◆ **WHAT IS EXPECTED**
Your answer should hold only the lines from the start of the data below through the line with "Samping Pastori Lama GKI Alfa Omega waisai |", copied exactly, with pictures left out.

◆ **DATA SECTION**
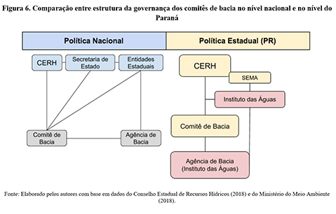 A diferença de outros estados, o Paraná conta com uma estrutura particular com o Instituto das Águas (em vermelho na Figura 6), que age ambos como órgão executivo e ao mesmo tempo como fiscalizador no sistema. Nas diretivas pela política nacional, os comitês de bacia, como unidade mais local, ficam independentes, mas cooperando com os órgãos estaduais. No caso do Paraná a agência de bacia fica justamente representado pelo Instituto das Águas o que não garante uma separação entre estabelecimento de metas e fiscalização independente, senão uma “sobreposição institucional”. Nas palavras de Hojda et al., 2014:
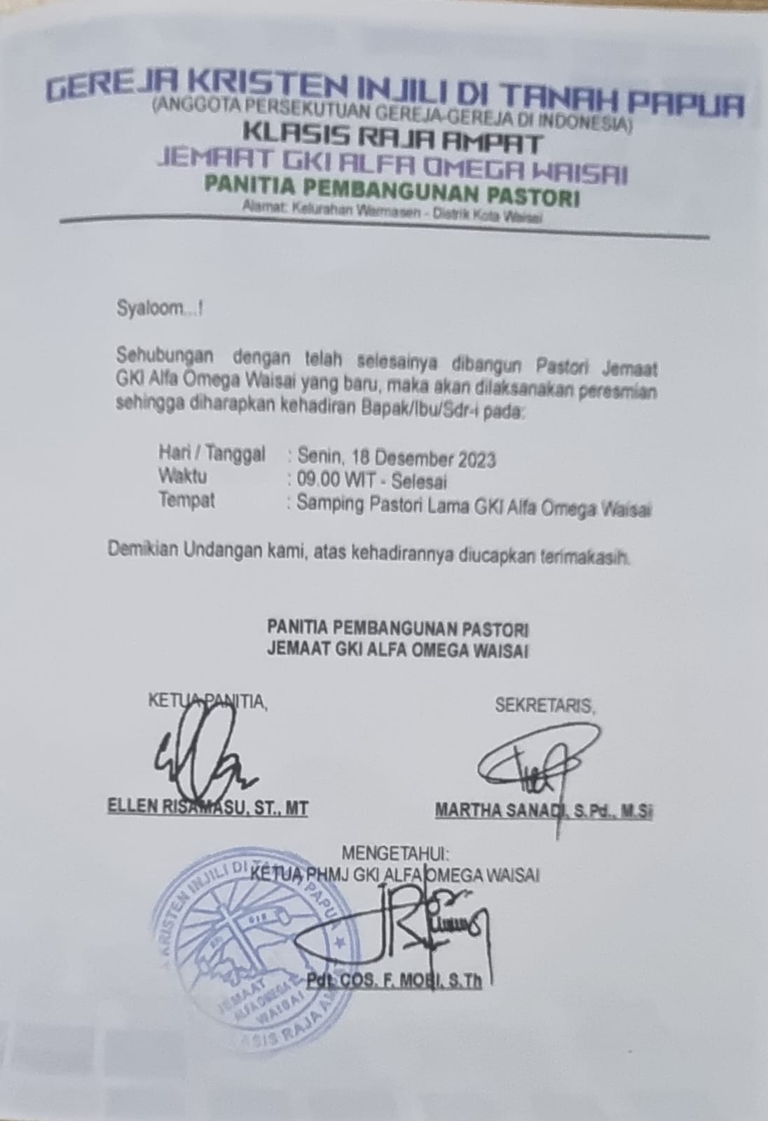 Samping Pastori Lama GKI Alfa Omega waisai |
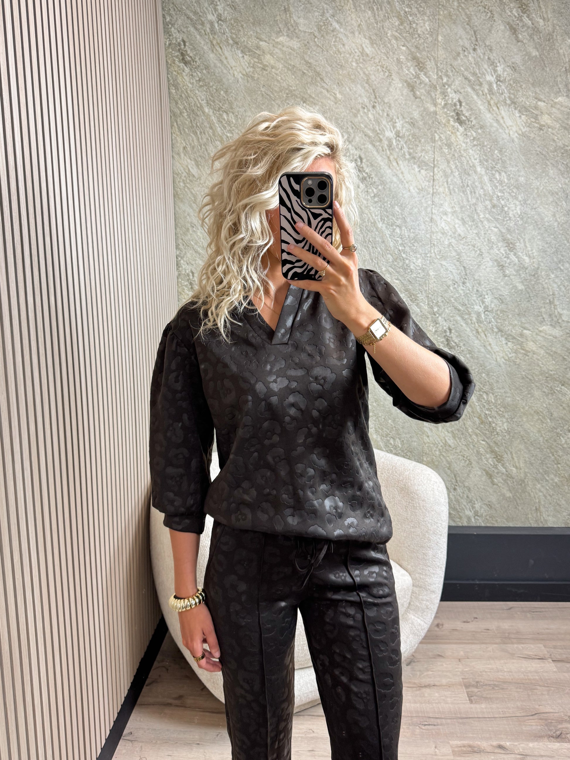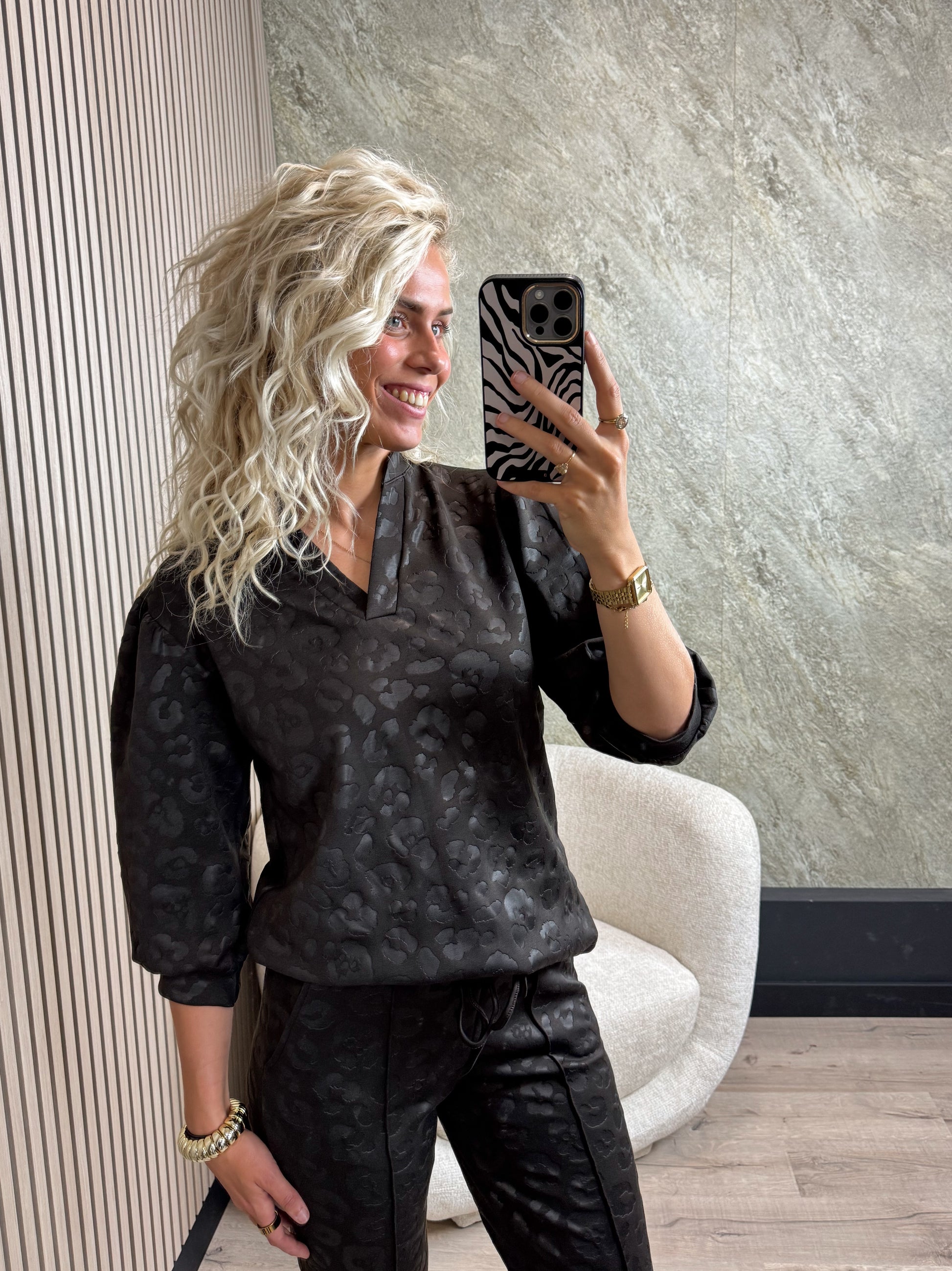 Deze stijlvolle top heeft een prachtige panterstructuur. De top is voorzien van elegante driekwart mouwen met een subtiele pofmouw. Superleuk te combineren met de bijpassende broek 'Isa'.

◆ **SOLUTION TO THE PROBLEM**
 A diferença de outros estados, o Paraná conta com uma estrutura particular com o Instituto das Águas (em vermelho na Figura 6), que age ambos como órgão executivo e ao mesmo tempo como fiscalizador no sistema. Nas diretivas pela política nacional, os comitês de bacia, como unidade mais local, ficam independentes, mas cooperando com os órgãos estaduais. No caso do Paraná a agência de bacia fica justamente representado pelo Instituto das Águas o que não garante uma separação entre estabelecimento de metas e fiscalização independente, senão uma “sobreposição institucional”. Nas palavras de Hojda et al., 2014:
 Samping Pastori Lama GKI Alfa Omega waisai |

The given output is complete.